# Two rednecks are out hunting...



## JBrainard (Jan 10, 2008)

Two rednecks are out hunting, and as they are walking along they come
upon a huge hole in the ground. They approach it and are amazed by the
size of it.
The first hunter says " Wow, that's some hole, I can't even see the
bottom, I wonder how deep it is?"
The second hunter says" I don't know, let's throw something down and
listen and see how long it takes to hit bottom."
The first hunter says " There's this old transmission here, give me a
hand and we'll throw it in and see".
So they pick it up and carry it over, and count one, and two and three,
and throw it in the hole. They are standing there listening and looking
over the edge and they hear a rustling in the brush behind them. As they
turn around they see a goat come crashing through the brush, run up to
the hole, and with no hesitation, and jump in head first.
While they are standing there looking at each other, looking in the
hole, and trying to figure out what that was all about, an old farmer
walks up. "Say there", says the farmer, "you fellers didn't happen to
see my goat around here anywhere, did you?"
The first hunter says " Funny you should ask, but we were just standing
here a minute ago and a goat came running out of the bushes doin' about
a hunert miles an hour and jumped headfirst into this hole here!"
And the old farmer said " Why that's impossible, I had him chained to a
transmission! "


----------



## Lisa (Jan 10, 2008)

:lfao:  that is funny


----------



## hemi (Jan 10, 2008)

:lool:


----------



## shesulsa (Jan 10, 2008)

:rofl:


----------



## shesulsa (Jan 10, 2008)

Gotta admit, I thought it was gonna be a Cheney joke ....


----------



## Brian R. VanCise (Jan 10, 2008)

:rofl:


----------



## jim777 (Jan 10, 2008)

:lol:


----------



## JBrainard (Jan 10, 2008)

shesulsa said:


> Gotta admit, I thought it was gonna be a Cheney joke ....


 
Oh, that was cold :boing1:


----------



## Ninjamom (Jan 10, 2008)

...The next time the two rednecks go hunting, unfortunately, they have a major problem.  Billy Bob calls 911 immediately after accidentally shooting his buddy, Fred.
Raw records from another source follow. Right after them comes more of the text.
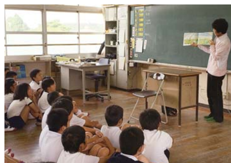
▲PTA文化部による読み聞かせ
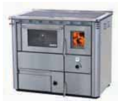
ŠTEDILNIK NA TRDA GORIVA ZA CENTRALNO OGREVANJE
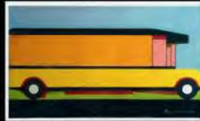
Arquitetura Brasileira | Museu de Arte e Cultura Popular
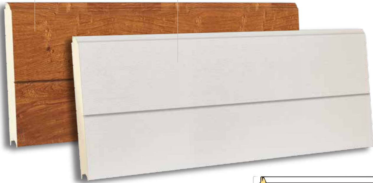
TSV 610 RAL 9010 - WOODGRAIN
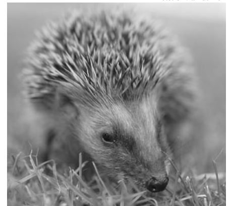
Am 20. Tag frisst er Katzenfutter und darf zum ersten Mal die Wiese erkunden.
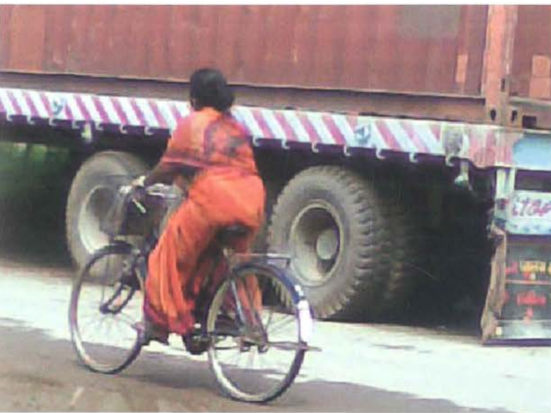
Una mujer bicicletea junto a un camión en el lado sin pavimentar.

El patriarcado: el patriarcado es un concepto global que influye en las relaciones de poder locales y en las culturas. Por consiguiente, se relaciona directamente con la división sexual del trabajo en las sociedades modernas y tradicionales, con la unidad del hogar (o familia) como el perpetuador central de este sistema social. Los hombres, en su posición de poder superior dentro de la jerarquía familiar, tienden a apropiarse de los medios más eficientes de transporte. En esta situación, los autos, las motos, las bicicletas o los vehículos tirados por animales son vistos principalmente como activos de los

_911 Operator:_ 911. What is your emergency?
_Billy Bob:_ Uh, I was out huntin' and ma gun went off!  I think I just kilt my buddy, Fred!
_911:_ Are you positive that he's dead, sir?
_BB: _No, not 100%.
_911:_ Don't panic, then - he might not be dead.  First, I want you to check to be sure.
 - pause -
-- *BLAM!* --
_BB:_ OK, I'm sure.  Now what should I do?


----------



## LuzRD (Jan 10, 2008)

HAHAHAHAHAHA!!!!!! 
HAHAHAHAHAHA!!!!!! 
(for both jokes)


----------



## Kreth (Jan 11, 2008)

Ninjamom said:


> ...The next time the two rednecks go hunting, unfortunately, they have a major problem.  Billy Bob calls 911 immediately after accidentally shooting his buddy, Fred.
> 
> _911 Operator:_ 911. What is your emergency?
> _Billy Bob:_ Uh, I was out huntin' and ma gun went off!  I think I just kilt my buddy, Fred!
> ...


I heard a variation of this that ended up in the ermergency room, and the punch line was, "Well, he'd have had a better chance if you hadn't gutted him." :lol:


----------



## pad256 (Jan 11, 2008)

good one, I just love the redneck jokes


----------



## thardey (Jan 11, 2008)

So, Bubba and Rich are out hunting, and they get skunked, so they decide to have a few beers instead before driving home.
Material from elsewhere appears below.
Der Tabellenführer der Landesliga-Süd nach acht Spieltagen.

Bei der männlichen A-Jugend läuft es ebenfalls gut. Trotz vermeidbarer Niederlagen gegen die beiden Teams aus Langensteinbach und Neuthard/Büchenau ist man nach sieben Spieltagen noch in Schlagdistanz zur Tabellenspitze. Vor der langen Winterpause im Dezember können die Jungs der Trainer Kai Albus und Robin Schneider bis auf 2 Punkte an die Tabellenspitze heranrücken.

As the head home, the Sheriff pulls them over. As the officer is walking up to the truck, Rich starts to panic "We're gonna get arrested!"

Bubba says "Shut up! Just stick a beer label on your forehead and follow my lead!"

So the officer walks up to the truck and sees these two rednecks with beer labels stuck on their heads, and says "Have you boys been drinking?"

Bubba says . . . . .



.



.



.



.

"No sir, we're on the Patch!"


----------



## shesulsa (Jan 11, 2008)

:lol2:


----------



## diamondbar1971 (Jan 11, 2008)

Yeah, it kind of reminds me of a date I had with a country girl years ago. I took her to the drive in and I asked her if she wanted to get in the back seat and as serious as a heart attack, she says, no, I think I will stay up here with you..hahahah


----------



## agemechanic03 (Jan 12, 2008)

:lool: to all!


----------